# Buying a vehicle in Spain but living in Portugal



## portugaldreaming (Jul 10, 2016)

Hi there, 
As some of you might know, the cost of motorhomes in Portugal far exceeds the price in Spain. As a recent settler in Portugal, I am writing to ask about the legalities of buying a vehicle in Spain but living in Portugal. I am aware that you can drive a foreign registered vehicle in Portugal for 6 months.

Also, if a vehicle was purchased in Spain, there is the factor of not actually having an address, though I have friends who permanent residents in Spain, whose address I could use - legal?

Then there is the annual drive to Spain to get the vehicle inspected and so forth - legal?

I would not qualify for importing the vehicle into Portugal as one has to have been a resident in the country of origin for one year. Plus its a nightmare dealing with Portuguese customs.

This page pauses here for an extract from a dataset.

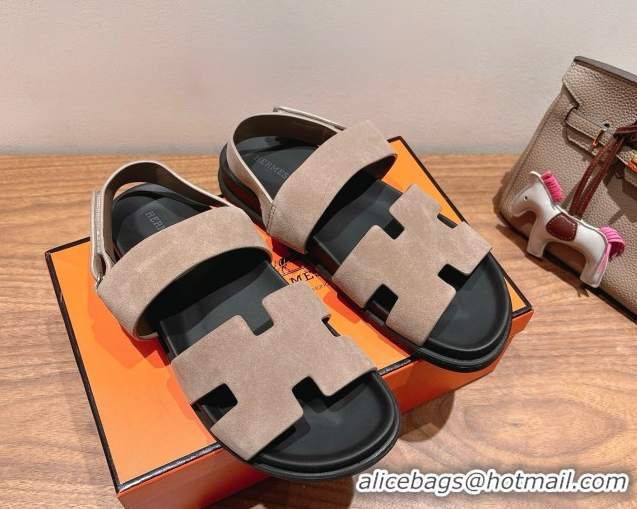 Top Quality Hermes Genius Strap Sandals in Suede Grey H082011 0820177

Thanks for your attention!


----------



## portugaldreaming (Jul 10, 2016)

Well I will answer my own question here!

"An expat is only permitted to purchase a car that is registered in Spain if they have either an official residency permit, proof that they own a home in Spain, documentation that shows that they are officially registered as resident in their town, proof that they are renting a property for a minimum of one year or an NIE number." /SNIP/


----------



## xabiaxica (Jun 23, 2009)

That information isn't quite right.

You do need a NIE to purchase a vehicle, & proof of address.

The ''documentation that shows that they are officially registered as resident in their town'' is the 'padrón' & you only have that if you live here, whereas non-residents can purchase vehicles.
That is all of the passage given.